Among women in that age group, however, only 17 to 25 percent expected their husbands’ careers to take precedence, but they did so 40 percent of the time. Half of the women expected to handle a majority of child care, but nearly three-quarters said they ended up doing so.
Graduates ages 26 to 31 appeared to be on track to end up in similar disagreement, the study said. Only one-quarter of the women said they expected their partners’ careers to be more important than theirs, yet half the men said their careers would be more important. Forty-two percent of women expected to handle a majority of the child care, yet two-thirds of men expected that their wives would.
The imbalance between expectations and reality — even among top-level workers — is consistent with other research.The highest-earning female executives with small children spend 25 hours on child care a week, on average, while male executives spend 10, according to a study by the economists Stefania Albanesi, now with the Federal Reserve Bank of New York, and Claudia Olivetti of Boston University.
A vast majority of the Harvard businesswomen said they were not voluntarily leaning out of their careers to care for children, the criticism levied by Sheryl Sandberg, the Facebook executive who is a fellow alumna and author of “Lean In.”
Only 11 percent of the women left the work force to care for children.
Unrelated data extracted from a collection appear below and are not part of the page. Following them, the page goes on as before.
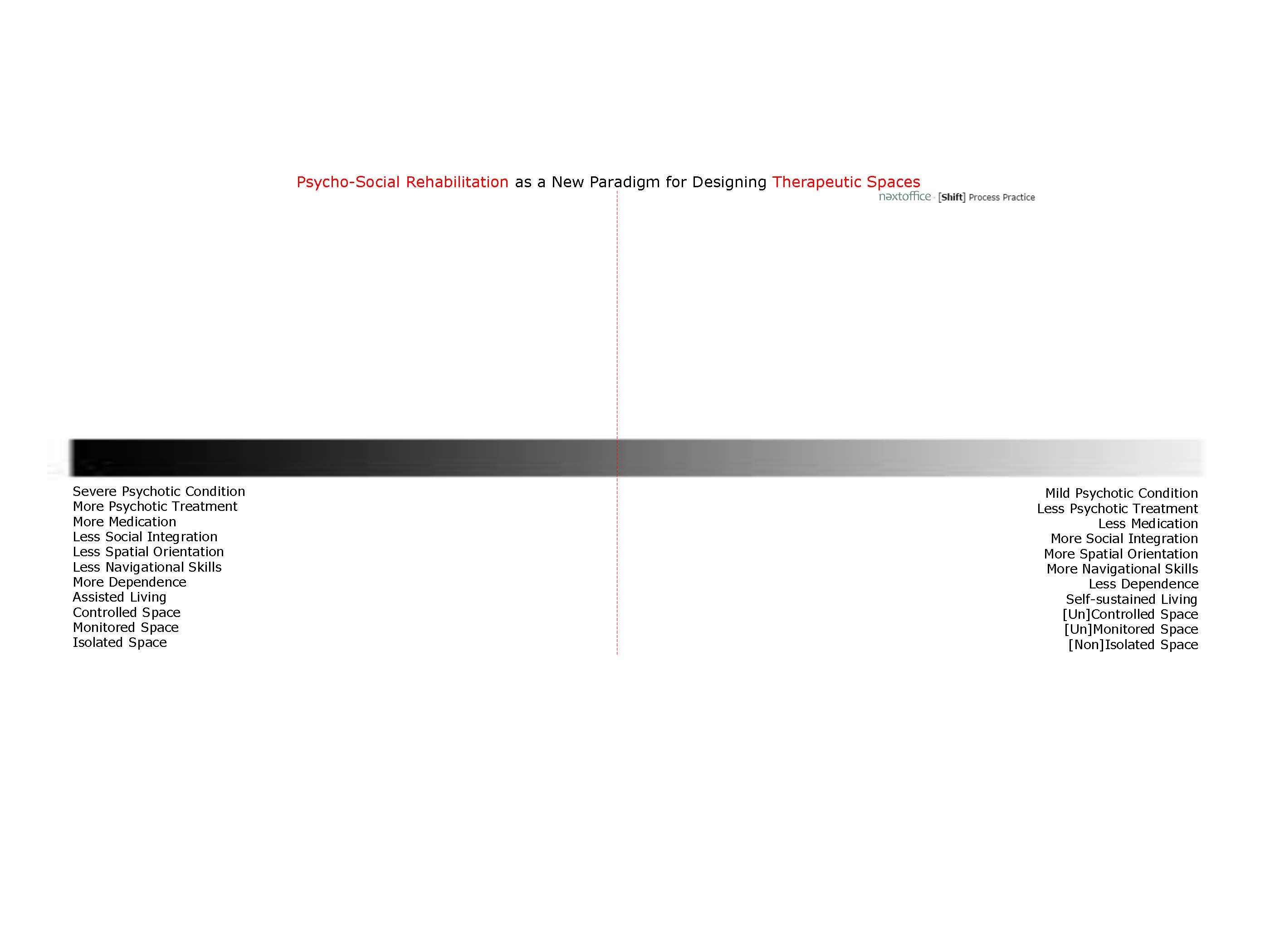 The project is a therapeutic complex, targeting a disfranchised population that mostly suffers from mild to severe schizophrenia. Ehsan NGO will be running this facility among many others, and is very much interested in offering its constituency a “homey experience”. The challenge of design is to create a psycho-social therapeutic setting that is registered as a home as opposed to a hospital ward for its patients.
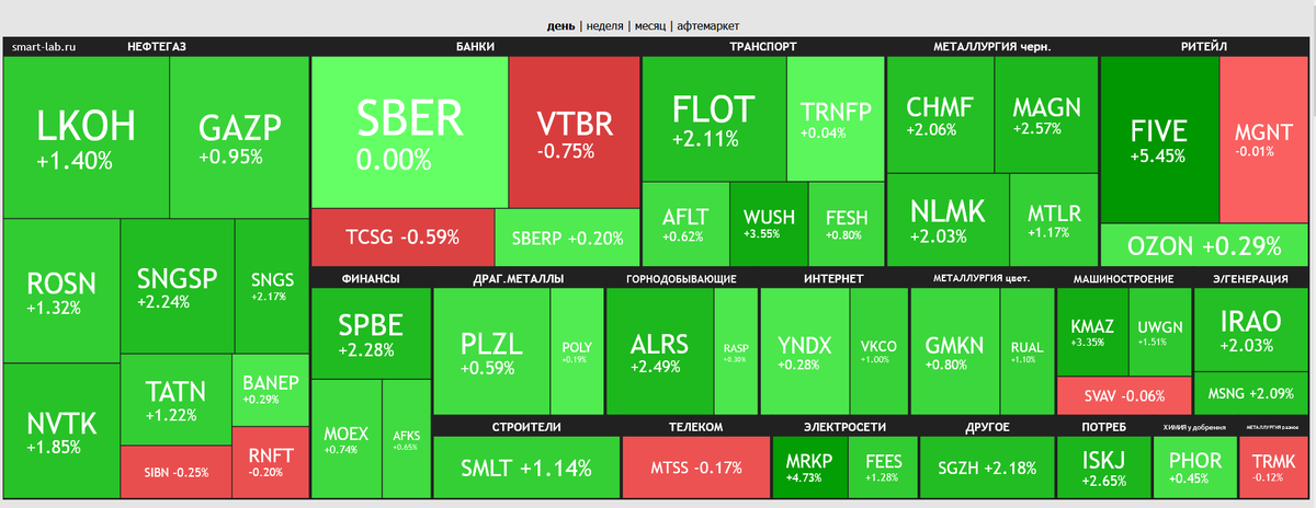 В зеленой доне сегодня аншлаг (ждем Регину Дубовицкую), X5 снова в росте, на сегодня рост составил 5,57%, ММК в плюсе на 2,77%, Сургутик префы подросли на 2,58%, НЛМК прибавили 1,80%, Роснефть 1,70%, НОВАТЭК 1,68%, Северсталь 1.57%.
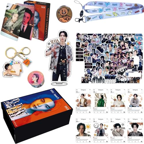 SUGA 福袋 2023年限定のシュガグッズセット。ヘアバンド、透明シール、フォトカード、アクリルスタンド/キーホルダー、落下防止ストラップ、テープなど多種類の人気韓流応援グッズを含む贈り物に最適な福袋です。
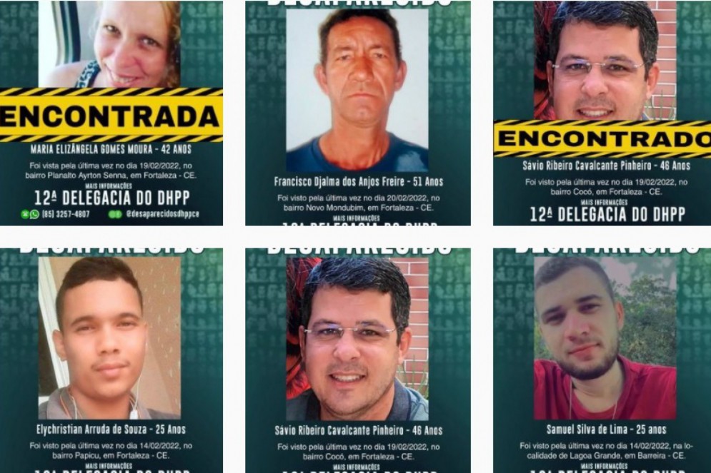 O balanço ainda mostra que 62 pessoas desaparecidas foram encontradas mortas na capital cearense. O trabalho de buscas foi realizado pela Polícia Civil do Ceará, por meio da 12ª Delegacia do Departamento de Homicídios e Proteção à Pessoa (12ª DHPP).
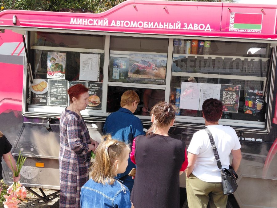 А также желающие могли приобрести: прохладительные напитки, кофе, чай, гамбургеры, хот-доги и мн.др. в фудтраке, который приехал помочь устроить праздник и порадовать жителей прямо из г.Минска.
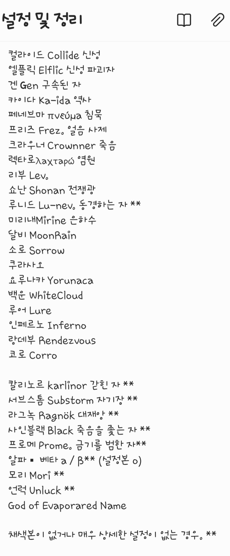 너무 ..많아요.. 다른 분들 자캐 양 보면 적은 걸 수도 있는데 모자란 머리로는 기억하기도 귀찮은..드르렁...

When the study controlled for family-friendly career moves, like declining a promotion, they found that none explained women’s underrepresentation in senior management. “In fact, many senior managers had made such moves. “A lot of people will say companies are going to favor people who work harder,” Ms. Ely said. “But people targeted as high potential are given more slack and allowed more flexibility because companies want to keep them.”
The Harvard study found that among those women who left the work force to care for children, few did so by choice. Most said they were pushed out by employers whostigmatized mothers. Jobs for people with business degrees are some of the most inflexible, according to a study of University of Chicago Booth School of Business graduates by the economists Marianne Bertrand of the University of Chicago, and Claudia Goldin and Lawrence Katz, both of Harvard.
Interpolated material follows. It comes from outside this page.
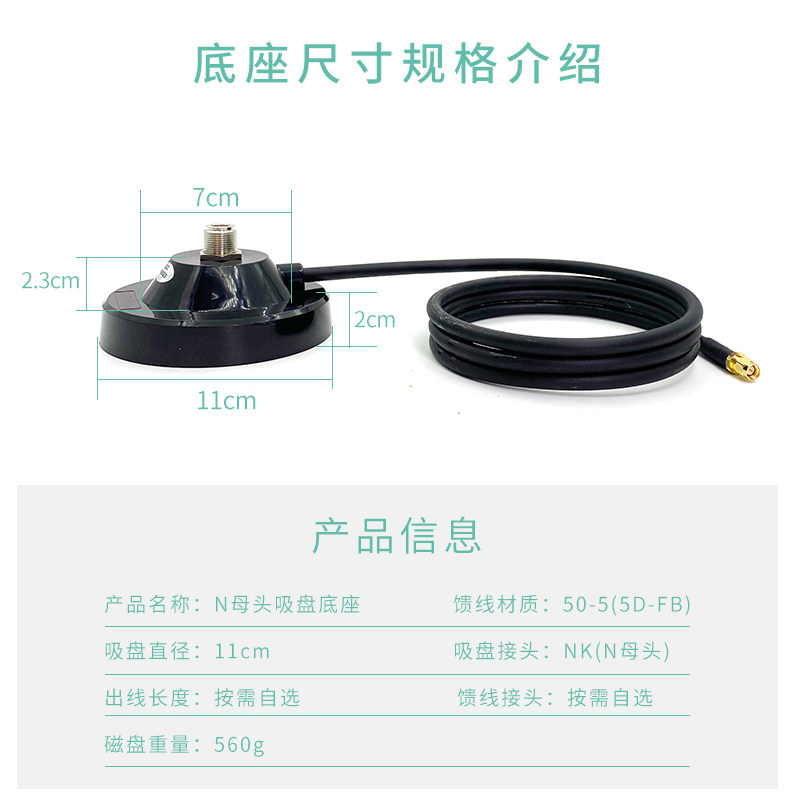 5D-FB馈线N母头车载吸盘底座11CM大磁盘室外防水带强磁力电台对讲机车载台50-5延长线可接玻璃钢车载鞭状驾校
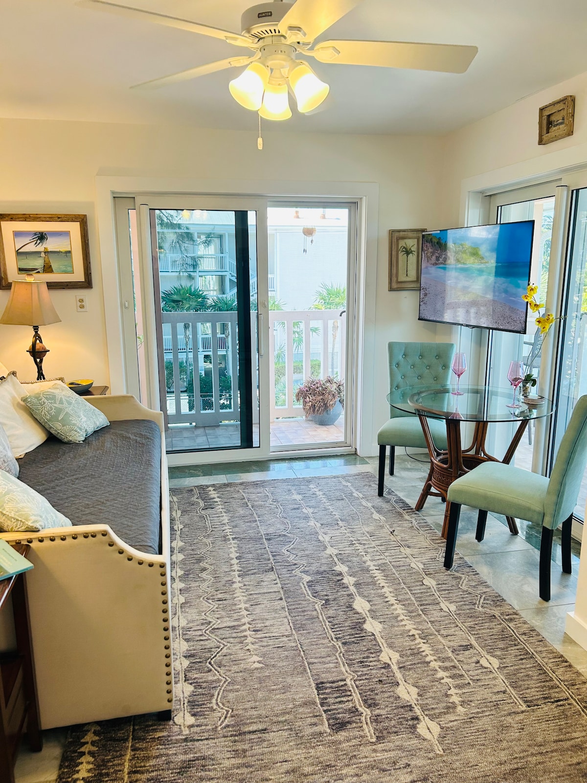 Apartamento actualizado frente al mar de 2 dormitorios/2 baños con cama tamaño king, cama tamaño queen y sofá cama. 35' de rompeolas, ¡trae tu barco! Disfrute de una cocina de cuarzo completamente surtida con electrodomésticos de acero inoxidable. Ubicado en Venture Out, un complejo cerrado tranquilo y familiar con pesca, langosta, piscinas, jacuzzi, pickleball, tenis, baloncesto, centro recreativo, bicicletas, kayaks y SUPs. Entre Key West (20 millas) y Marathon. WiFi gratuito; televisores Roku en ambos dormitorios y sala de estar. Kayaks, SUP y área de almacenamiento con refrigerador adicional y congelador de cebo.

The findings of the Harvard study rang true to Christina LaMontagne, 33, an executive at NerdWallet, a personal finance start-up in San Francisco, who graduated five years ago. “That’s what I perceived from my male colleagues at H.B.S.,” she said. “Men still expect to have the dominant career, women increasingly expect to have a dominant career and there’s a bit of a gulf there that isn’t reconciling.”
Susan Tynan, 38, who graduated 11 years ago, said she was disappointed by the results of the study because her career and home life had matched her expectations. She is a mother of two and the founder and chief executive of Framebridge, an online framing company based in Lanham, Md.
She says it helps that she and her husband, who works inprivate equity, “are on the same page.” She said that she was upfront about her career goals, and that she and her husband “actively manage” the balancing of their jobs and child care. “I met my spouse at Harvard Business School, so he knew what he was getting into,” she said.
Not all business-school marriages are as equitable. The Booth study found that female graduates who had children and high-earning husbands worked fewer hours and were less likely to work at all than those with lower-earning spouses.
The economists said that was not only because their husbands made enough money to support the family, but also because families required parental time at home. And when someone needs to cut back at work, it tends to be the woman.